◆ WORK REQUEST
The word to look for is "انبار". Report every line of the entries below that has it.

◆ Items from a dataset
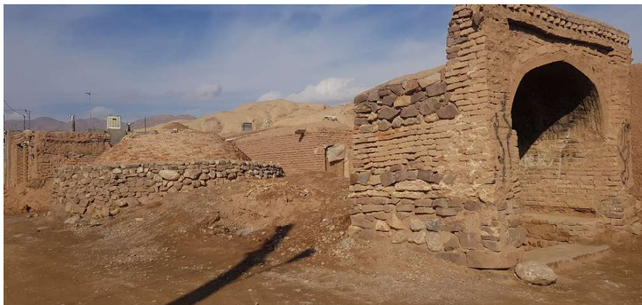
تصویر ۹. آب انبار حاجی

قرار گرفته است (تصویر ۶) از لحاظ وسعت و اندازه بزرگتر است و نسبت به دو آب انبار دیگر قدیمی تر است. از جمله نکات جالب توجه این آب انبار ساخت فضای کوچکی در سمت راست ایوان بنا به عنوان مسجد و استراحتگاهی برای ساکنان و مسافران است. این آب انبارها مربوط به دوره قاجار و پهلوی اول است. این آب انبار فاقد عنصر معماری شاخصی است و فقط در سردر آب انبار حاجی تزیینات آجرکاری به صورت دندان موشی به کار رفته است (تصویر ۹).
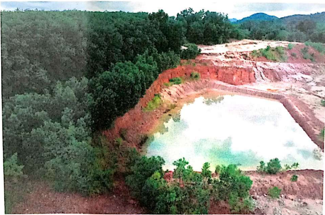
ภาพที่ 2 แนวต้นไม้และคันดินบ่อดักตะกอนด้านทิศใต้
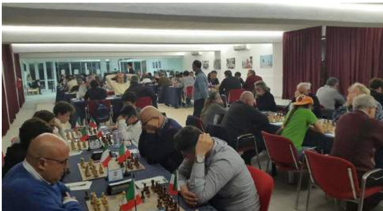
Sala Pool – Festival Internazionale Grand Hotel Adriatico
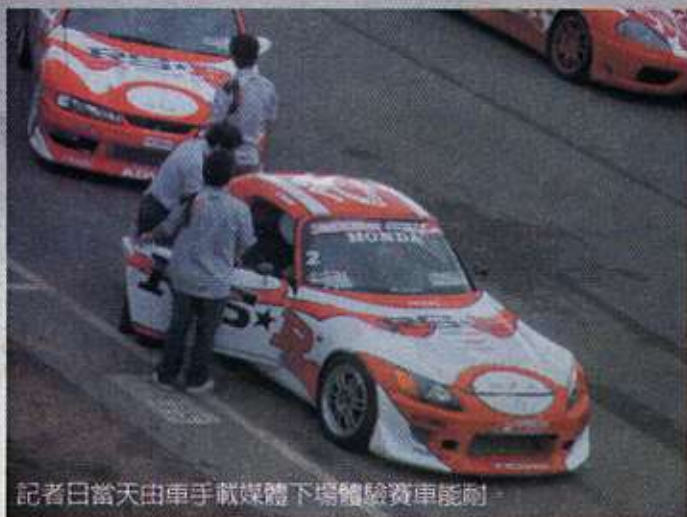
記者日當天由車手載媒體下場體驗賽車能耐。
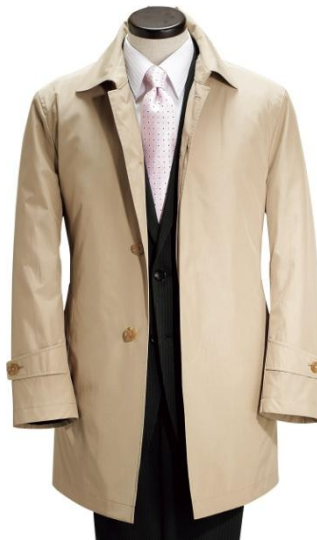
取り外し可能な ライナー付き

ブランド：INTIMAGE(インティメージ) 素 材：綿・ポリエステル 色：黒、グレー、ベージュ【写真】 サイズ：S～3L、BM～B3L(黒) S～LL(グレー、ベージュ) 価 格：39,800円
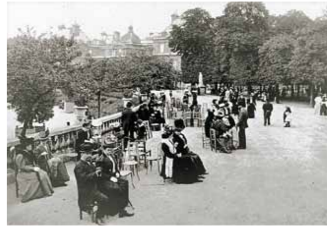
4. Luxembourg-kert, Párizs, 1900
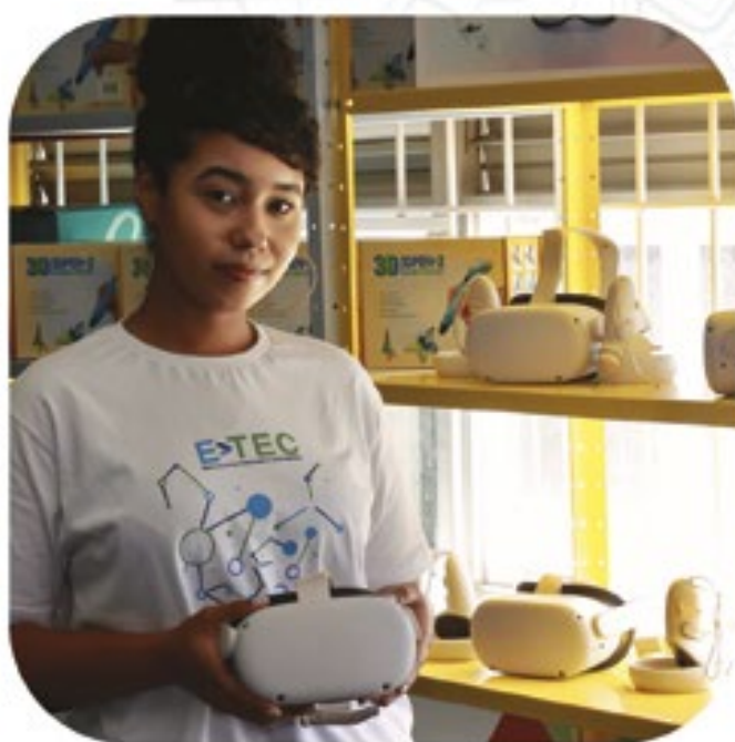
VOLTA REDONDA Inauguração da E-Tec: Escola de Novas Tecnologias e Oportunidades
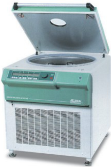
ROTO SILENTA 630RS

◆ OUTPUT OF THE TASK
تصویر ۹. آب انبار حاجی
قرار گرفته است (تصویر ۶) از لحاظ وسعت و اندازه بزرگتر است و نسبت به دو آب انبار دیگر قدیمی تر است. از جمله نکات جالب توجه این آب انبار ساخت فضای کوچکی در سمت راست ایوان بنا به عنوان مسجد و استراحتگاهی برای ساکنان و مسافران است. این آب انبارها مربوط به دوره قاجار و پهلوی اول است. این آب انبار فاقد عنصر معماری شاخصی است و فقط در سردر آب انبار حاجی تزیینات آجرکاری به صورت دندان موشی به کار رفته است (تصویر ۹).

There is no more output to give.